DATASET EXTRACT:
○ ○ ○ ○ ○ ○ ○
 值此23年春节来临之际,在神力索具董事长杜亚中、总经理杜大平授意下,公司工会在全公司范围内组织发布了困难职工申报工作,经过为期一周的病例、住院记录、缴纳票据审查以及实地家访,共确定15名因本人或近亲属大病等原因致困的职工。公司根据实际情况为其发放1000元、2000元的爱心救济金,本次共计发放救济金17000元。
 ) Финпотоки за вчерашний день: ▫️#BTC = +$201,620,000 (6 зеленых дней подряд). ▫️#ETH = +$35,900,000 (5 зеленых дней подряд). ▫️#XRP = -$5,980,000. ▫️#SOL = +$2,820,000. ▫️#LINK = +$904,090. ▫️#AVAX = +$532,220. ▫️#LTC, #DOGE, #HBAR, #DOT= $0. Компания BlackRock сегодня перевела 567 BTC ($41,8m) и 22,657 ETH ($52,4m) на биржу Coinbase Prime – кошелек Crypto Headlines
○ ○ ○ ○ ○ ○ ○
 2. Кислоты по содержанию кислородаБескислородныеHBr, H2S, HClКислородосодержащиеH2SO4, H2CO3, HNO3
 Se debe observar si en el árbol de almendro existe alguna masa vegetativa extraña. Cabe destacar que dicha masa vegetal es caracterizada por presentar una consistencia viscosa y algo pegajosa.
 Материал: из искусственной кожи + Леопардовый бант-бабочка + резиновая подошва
○ ○ ○ ○ ○ ○ ○
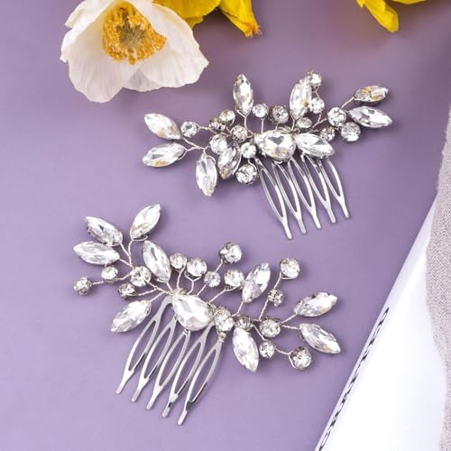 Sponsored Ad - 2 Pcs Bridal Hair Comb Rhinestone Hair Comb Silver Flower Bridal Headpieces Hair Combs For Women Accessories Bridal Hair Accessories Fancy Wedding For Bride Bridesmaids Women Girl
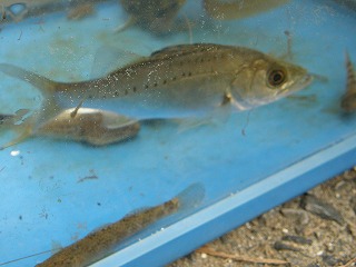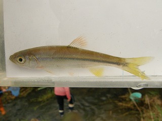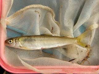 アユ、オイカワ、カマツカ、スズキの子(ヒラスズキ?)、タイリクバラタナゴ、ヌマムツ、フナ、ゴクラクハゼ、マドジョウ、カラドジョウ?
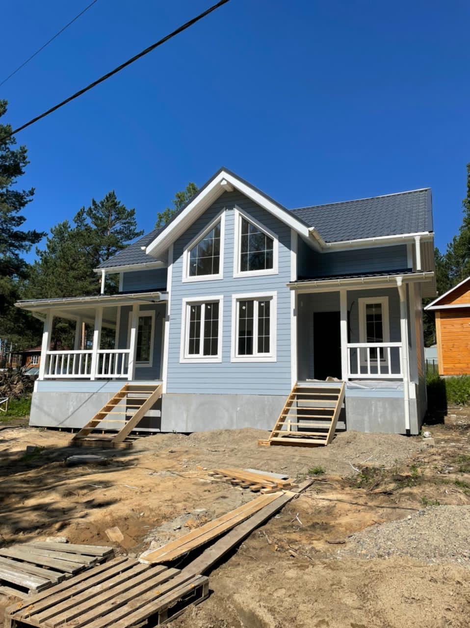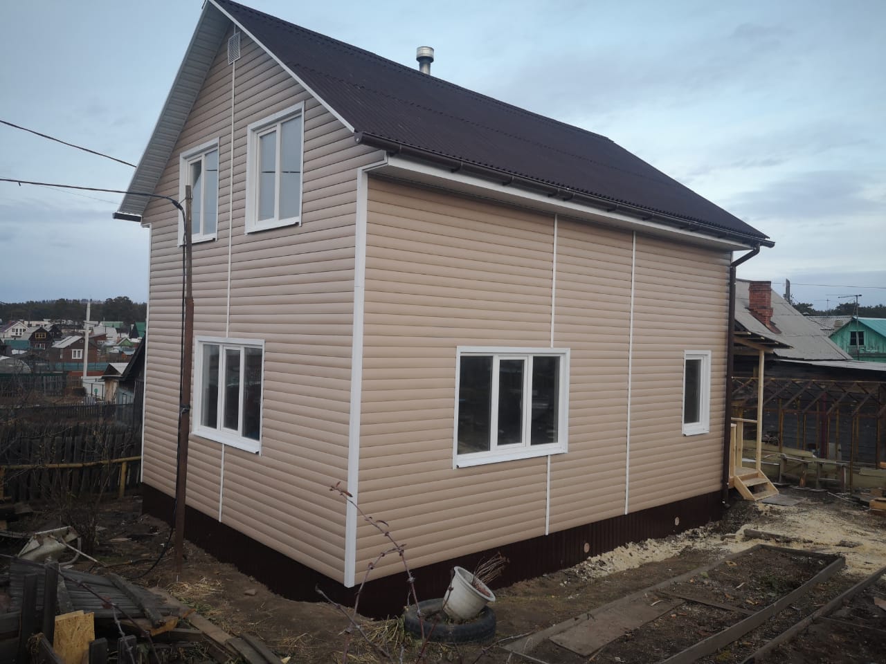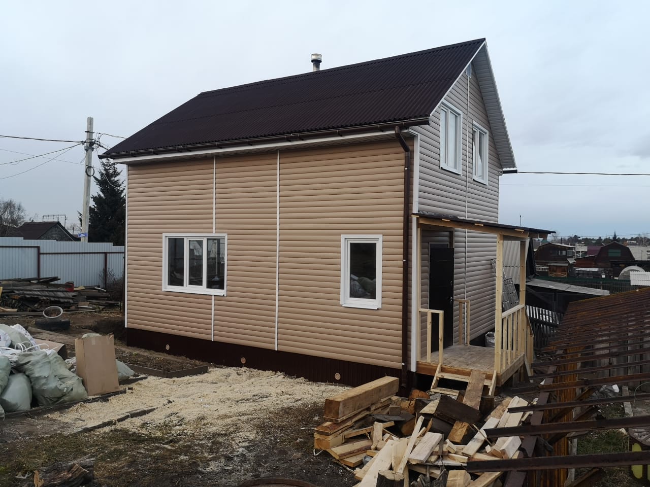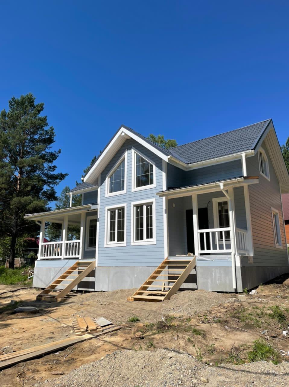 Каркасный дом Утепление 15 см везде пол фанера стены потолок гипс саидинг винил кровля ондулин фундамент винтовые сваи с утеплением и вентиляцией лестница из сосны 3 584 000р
○ ○ ○ ○ ○ ○ ○
WORK ITEM:
Print, from the entries above, the line with "2. Кислоты по", the line with "Материал: из искусственной" and all lines between them, exactly and with nothing else.

ANSWER TO THE EXERCISE:
 2. Кислоты по содержанию кислородаБескислородныеHBr, H2S, HClКислородосодержащиеH2SO4, H2CO3, HNO3
 Se debe observar si en el árbol de almendro existe alguna masa vegetativa extraña. Cabe destacar que dicha masa vegetal es caracterizada por presentar una consistencia viscosa y algo pegajosa.
 Материал: из искусственной кожи + Леопардовый бант-бабочка + резиновая подошва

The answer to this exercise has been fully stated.